(Beginning of GIVEN DATA)
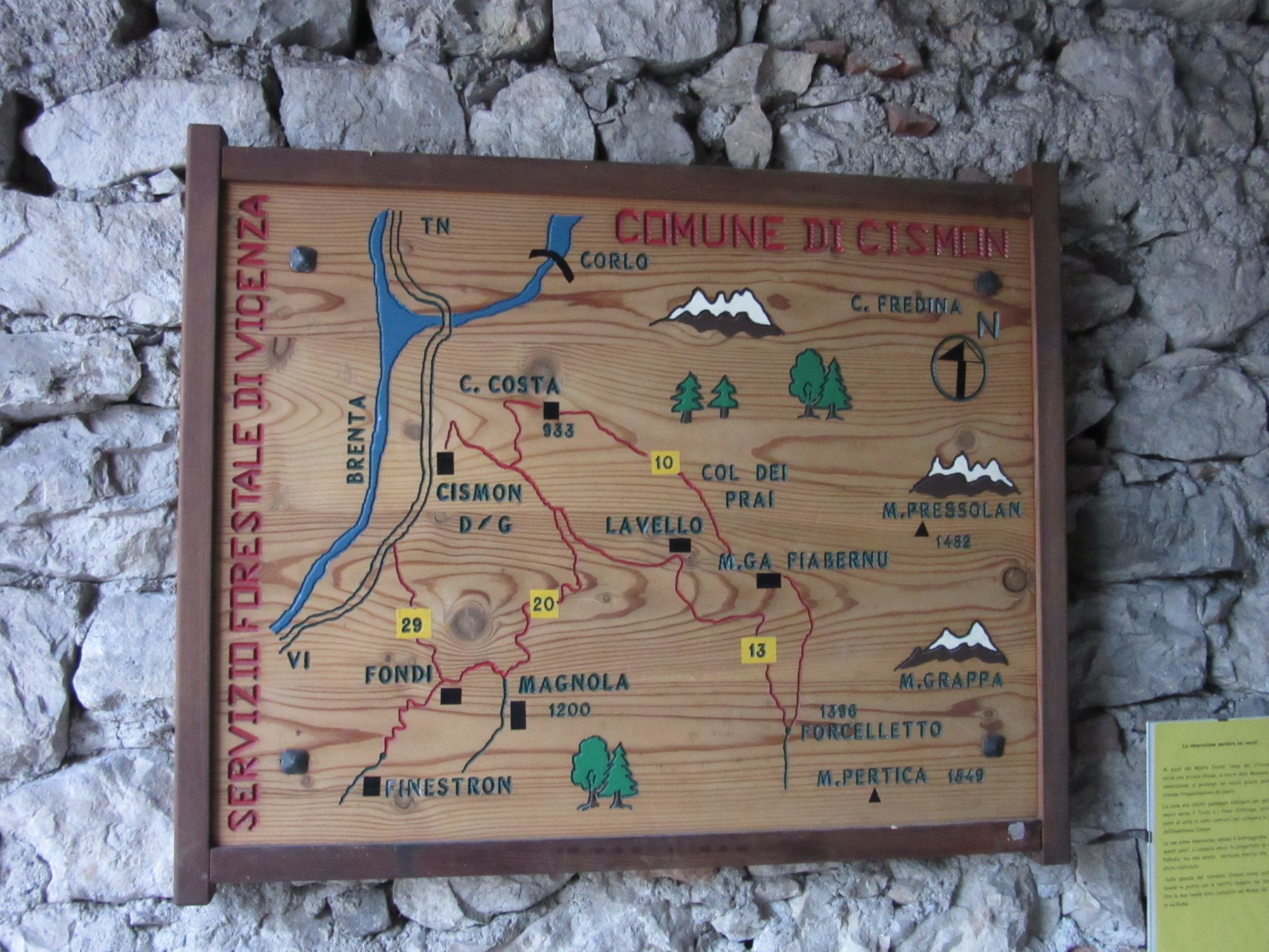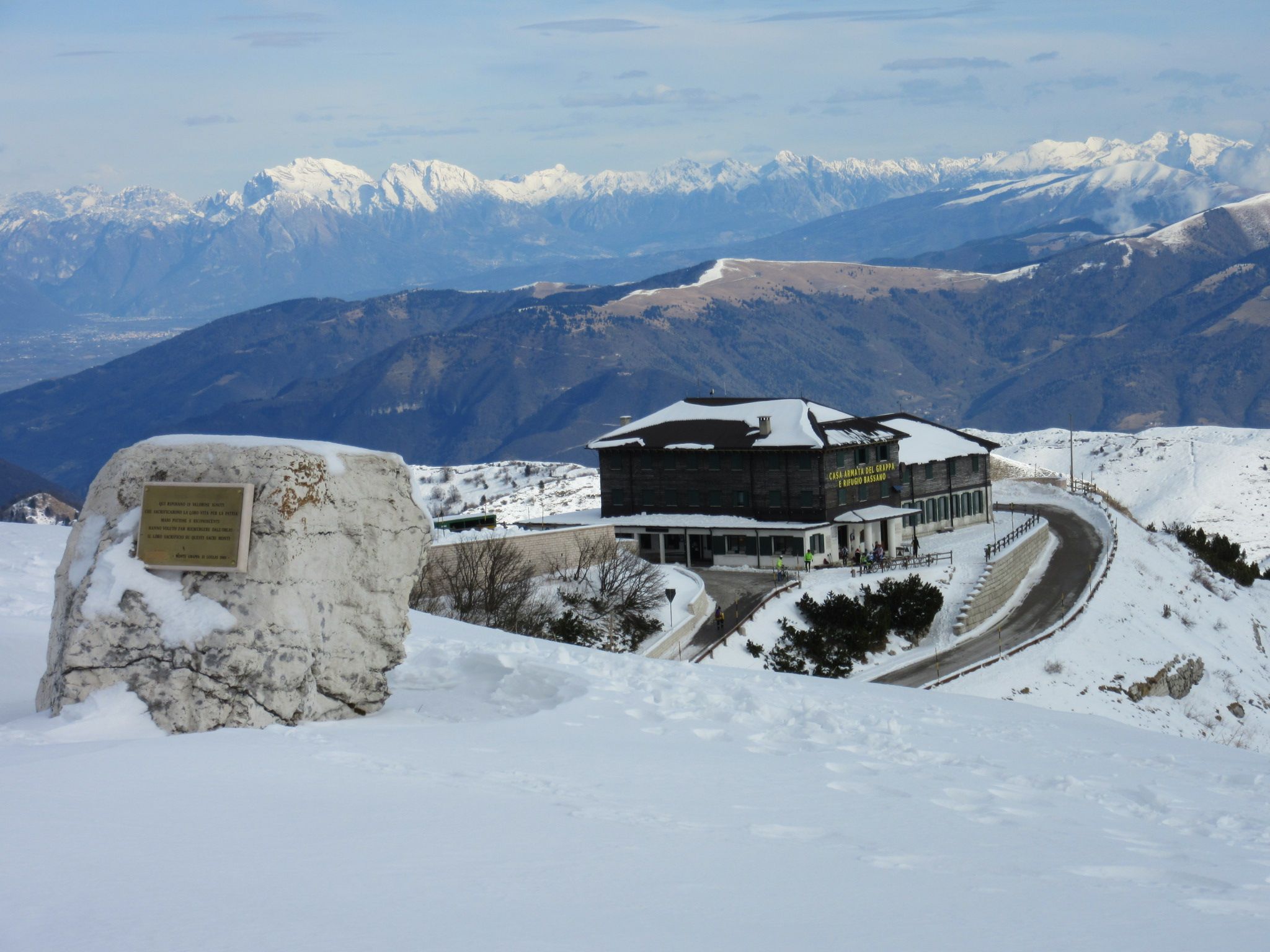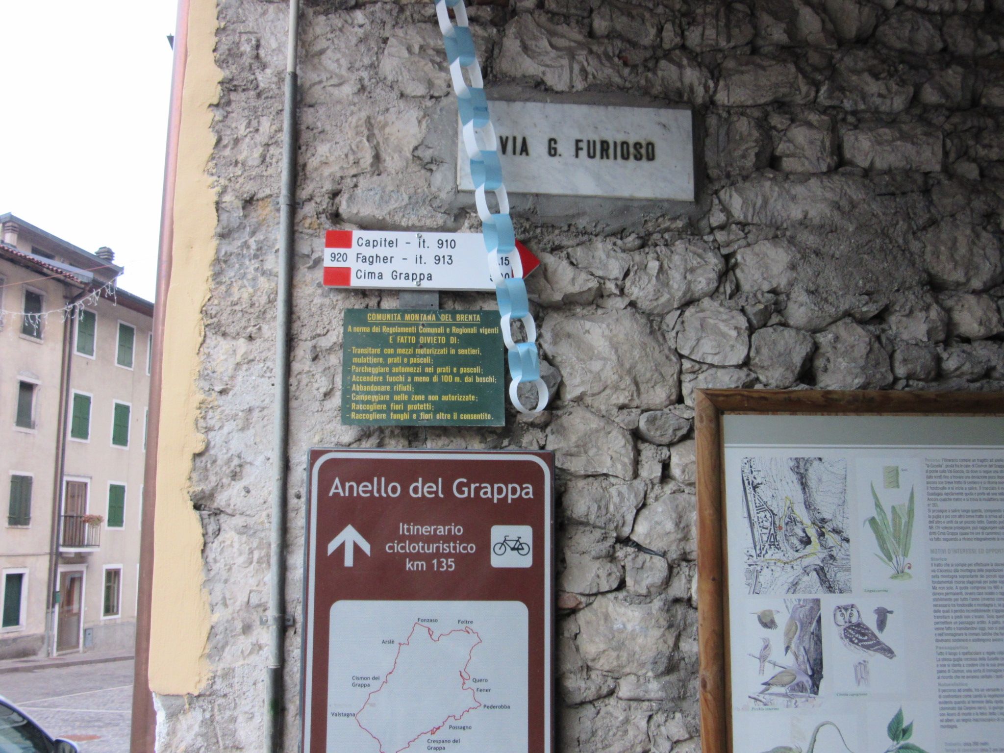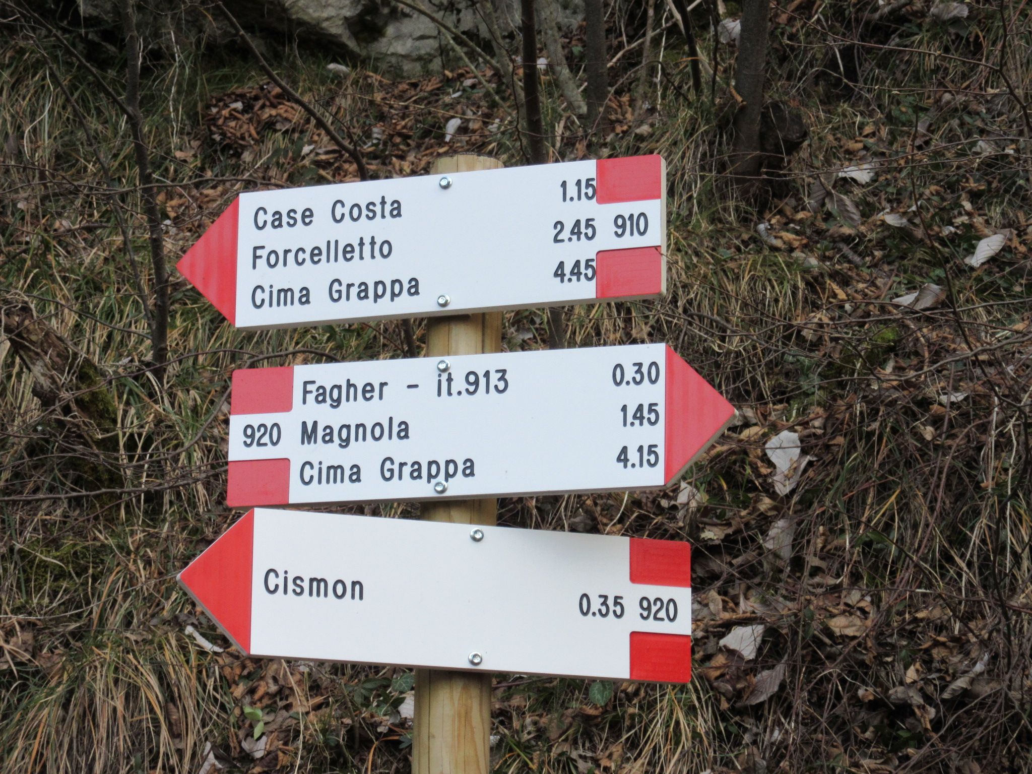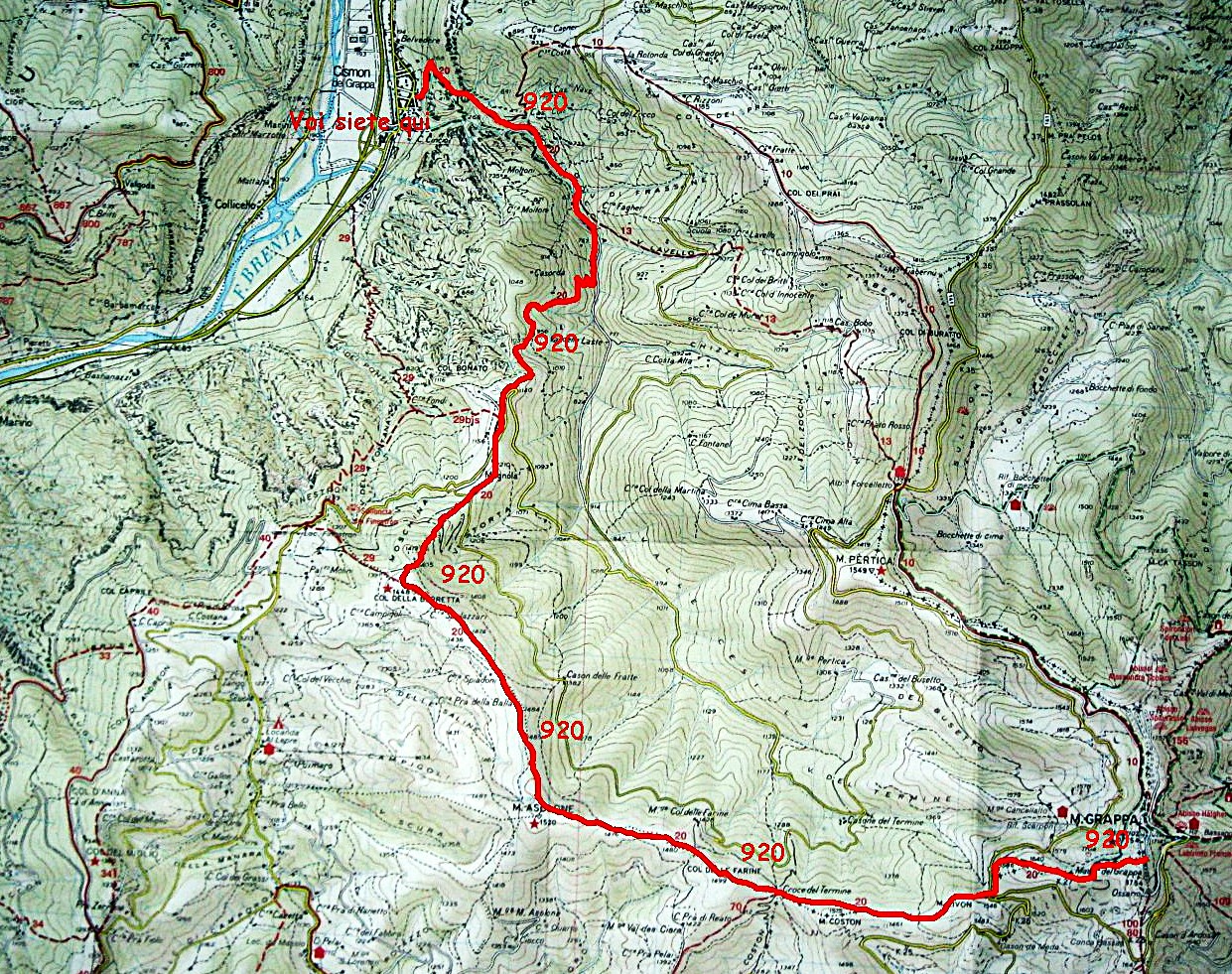 Da Bassano del grappa prendendo la Valstagna si sale fino in località Cismon del Grappa , in centro del paese si mette l’auto e si prosegue in mezzo alle case fino ad arrivare in un portico con il segnavia 920 ( ATTENZIONE LE NUMERAZIONI DEI SENTIERI SONO STATE CAMBIATE DALLA CARTINA ORIGINALE 20 E STATO SOSTITUITO DAL 920 ) . Questo itinerario e molto bello ed interessante sotto il profilo storico e panoramico , il sentiero e fatto in gran parte di ciotolato con scalini bassi e protetti dai massi laterali , in molti casi protetti anche da dei parapetti , la salita presenta discretamente impegnativa , e per arrivare in cima al Sacrario del monte Grappa la distanza e molto lunga anche se presenta all’altezza del Col delle Farine la possibilità di tagliare il percorso e collegarsi all’itinerario del 910 ex 10 dal quale si può scendere di nuovo fino a Cismon del Grappa , per chi invece possiede la preparazione fisica per fare tutto l’itinerario completo li rimando ad un altro post percorrendo il segnavia 920 in andata e il 910 per il ritorno , ma invito tutti a valutare bene questa cosa in base alla propria preparazione , anche se non e una cosa impossibile da fare , inoltre salite con umilta e rispetto questo grande massiccio , e quando affronterete ogni singolo colle ricordate di quanti hanno perso la vita su questi prati e su queste rocce che conservano la storia
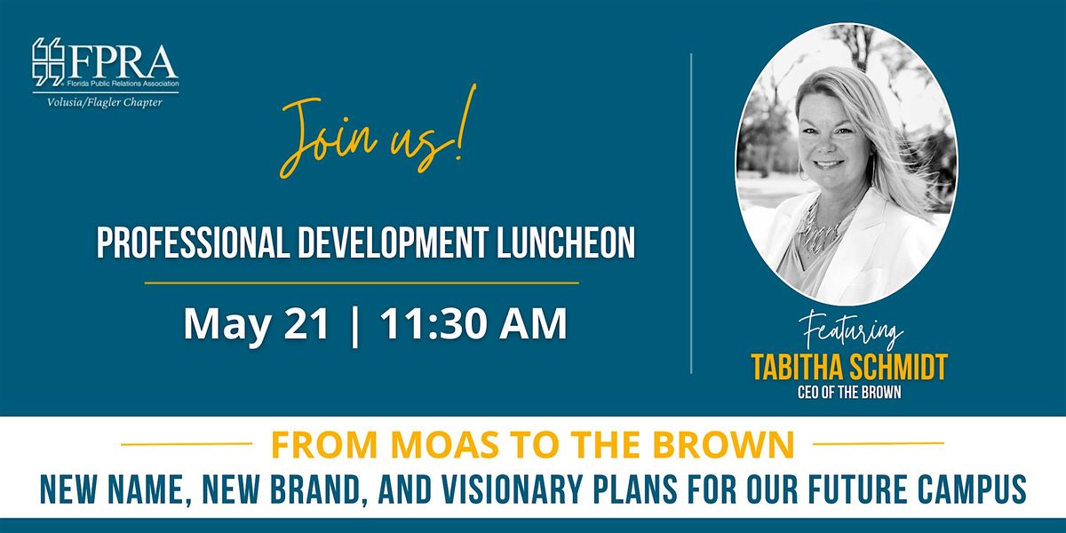 Tabitha Schmidt, CEO of The Brown, will share the museum’s ongoing rebrand journey from the Museum of Arts and Sciences (MOAS) to The Cici & Hyatt Brown Museum of Art, Science & History (The Brown) at the FPRA Volusia/Flagler Chapter’s professional development program on Thursday, May 21.
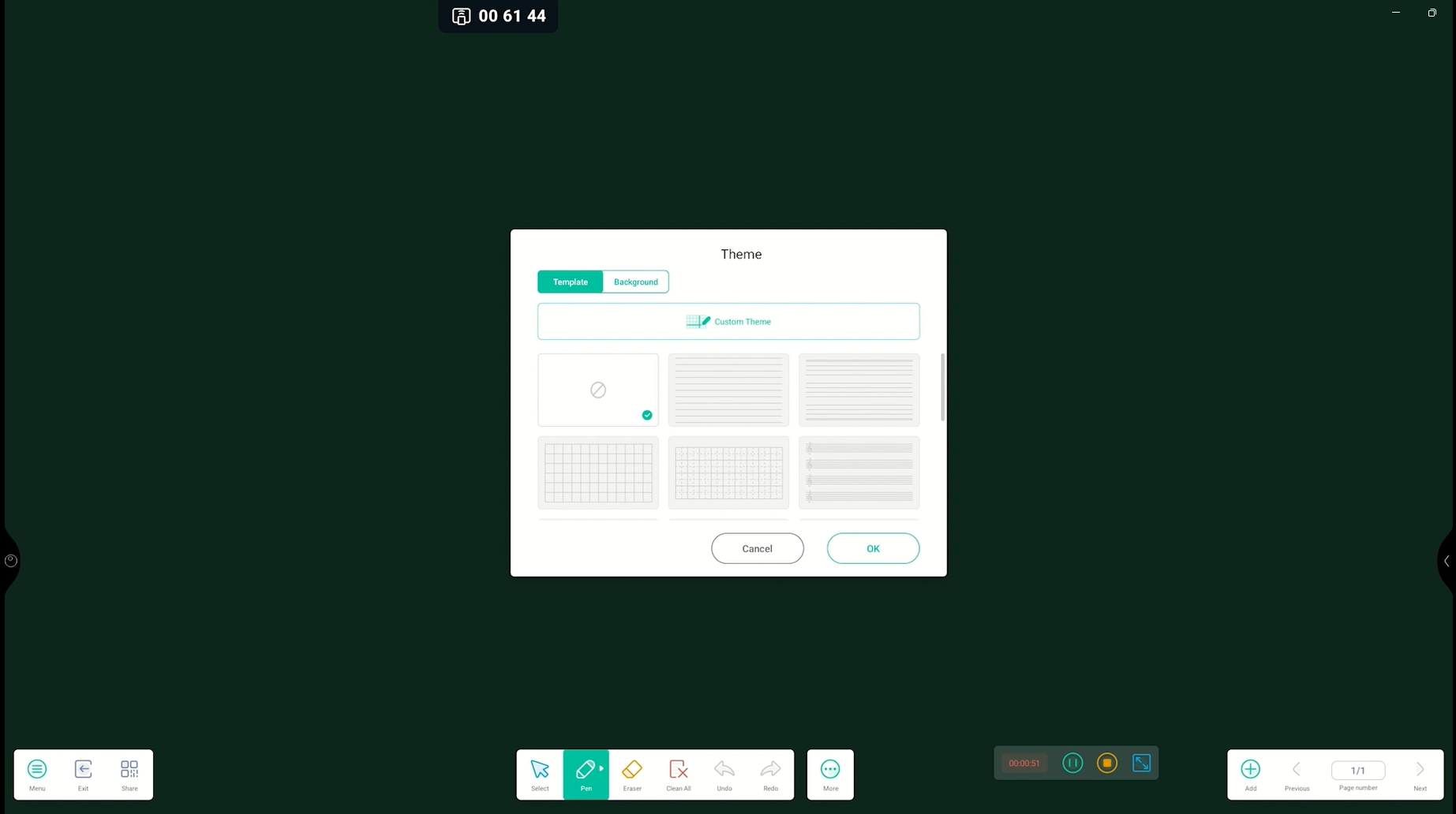 Se trata sin duda del elemento de la pizarra digital que un profesor quiere personalizar primero. Al ir a Menú > Tema, accedes a 2 tipos de fondo:
(End of GIVEN DATA)
EXERCISE GOAL: Reproduce the listing word for word and omit its pictures.

EXERCISE RESPONSE:
 Da Bassano del grappa prendendo la Valstagna si sale fino in località Cismon del Grappa , in centro del paese si mette l’auto e si prosegue in mezzo alle case fino ad arrivare in un portico con il segnavia 920 ( ATTENZIONE LE NUMERAZIONI DEI SENTIERI SONO STATE CAMBIATE DALLA CARTINA ORIGINALE 20 E STATO SOSTITUITO DAL 920 ) . Questo itinerario e molto bello ed interessante sotto il profilo storico e panoramico , il sentiero e fatto in gran parte di ciotolato con scalini bassi e protetti dai massi laterali , in molti casi protetti anche da dei parapetti , la salita presenta discretamente impegnativa , e per arrivare in cima al Sacrario del monte Grappa la distanza e molto lunga anche se presenta all’altezza del Col delle Farine la possibilità di tagliare il percorso e collegarsi all’itinerario del 910 ex 10 dal quale si può scendere di nuovo fino a Cismon del Grappa , per chi invece possiede la preparazione fisica per fare tutto l’itinerario completo li rimando ad un altro post percorrendo il segnavia 920 in andata e il 910 per il ritorno , ma invito tutti a valutare bene questa cosa in base alla propria preparazione , anche se non e una cosa impossibile da fare , inoltre salite con umilta e rispetto questo grande massiccio , e quando affronterete ogni singolo colle ricordate di quanti hanno perso la vita su questi prati e su queste rocce che conservano la storia
 Tabitha Schmidt, CEO of The Brown, will share the museum’s ongoing rebrand journey from the Museum of Arts and Sciences (MOAS) to The Cici & Hyatt Brown Museum of Art, Science & History (The Brown) at the FPRA Volusia/Flagler Chapter’s professional development program on Thursday, May 21.
 Se trata sin duda del elemento de la pizarra digital que un profesor quiere personalizar primero. Al ir a Menú > Tema, accedes a 2 tipos de fondo:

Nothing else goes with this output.